If she were ever to do TV, she’d want to be on PBS. She sees educating as part of her mission, and part of what she enjoys about her work. Lynch teaches classes at Stir, which also functions as a culinary lending library for her staffers, who can borrow any book for a week at a time. She is working on two more cookbook ideas and continually testing new dishes. At the Macy’s event, she served something called “butter soup,” in essence a pool of butter with some shellfish in the middle (kind of like lobster with drawn butter, but vice versa). The recipe originated from her relationship with Diane St. Clair, a Vermont farmer who sells her 87 percent butterfat butter only to Thomas Keller, the acclaimed chef behind California’s French Laundry and New York City’s Per Se, and to Lynch. Lynch wanted to have more of a connection to the sources of her food, and in 2006 she bought a “cowshare” in one of St. Clair’s Jerseys. She “came up here, saw the farm, met her cow, whose name is Hopi,” St. Clair says. St. Clair has since been down to Boston to talk to Lynch’s staff, and Hopi’s calf is named Babette, after Lynch.

The relationship with St. Clair and other suppliers has given Lynch the idea to do something agriculture-related as her next project. She’s not sure quite what, exactly, but maybe she’ll address farmers’ concerns—the vagaries of weather, blight, lifestyle hardships, the regulatory morass between farm and plate. Maybe something like a commissary for farm products, and scholarships for agricultural students. She also wants to promote better school food. She thinks the milk students drink should be labeled with the name of the farm it comes from so that kids understand the origins of what they’re putting into their bodies. She thinks every school should have a greenhouse attached to it, to teach kids where their tomatoes come from and the science of food, and so they’ll have better food to eat. Some of this may sound charmingly naive, but Lynch’s ideas often begin as intuition. Only later does she figure out what shape they’ll take in the real world.

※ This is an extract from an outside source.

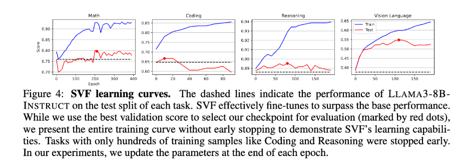 먼저, 다음은 수학(Math), 코딩(Coding), 추론(Reasoning), 시각-언어(Vision-Language)의 4가지 작업에서 특이값 기반 파인튜닝(Singular Value Fine-tuning, SVF) 과정에서 발생하는 학습 곡선을 시각화한 도표로, SVF가 작업별로 얼마나 효과적으로 학습하며, 기존 모델 성능을 얼마나 초과하는지 보여줍니다:

“I find her really inspiring,” St. Clair says. “When she first came here, I was making butter in this tiny room of my house. She said, ‘How do you do this? You need a bigger plant.'” Last summer, St. Clair built a new plant. “[Lynch] keeps taking risks, sticking her neck out and trying new things,” she says, “and she does it in this very unpretentious way. I think she’s fascinating to talk to, what it takes to be a businesswoman—delegating, building a team, and all those skills that have to be learned and aren’t always that easy.”


  • jeanne

    Hope I got your attention….read this piece and felt a lot of emotions…..mostly pride. I also got a dose of surprise…..always, always thought Beth, who I knew from the courts (the wall), devine way, the andrew, the o’reilly, the gavin, the tynan, was the youngest Lynch. then i read this review and said to myself, “are you kidding me, who the hell is Barbara?” I was around when whitey would drive by the courts in his caddie throwing candy so i do get it. in fact, i was just recalling the serious and sad conversation among neighbors as we made our way past your house after your dad passed, and how concerned people were thinking how your mom would get by with all you kids to take care of. I looked across at your house and to me, a kid, I wondered how could everything change so much but yet look the same? Sort of like us when we grow up, hu
    ? At the time it was very disconcerting, very scary. I was just a kid. I think a week or two later Beth and I pooled our money and boug

  • j

    my previous comment was much too long….i’ll just end with best wishes for your continued success!

  • Dara

    At Women Chefs Conference chefs were asked Why Food, Chef Lynch is the last and sums it all up

  • Dara
  • Brian

    I have been following your success, what you are doing is good for the city of Boston. Keep up the good work. I love the publicity you are getting. Don’t forget to duck when you see one coming! Good luck to you. The next time I come down from the mountains of New Hampshire, I’ll stop by.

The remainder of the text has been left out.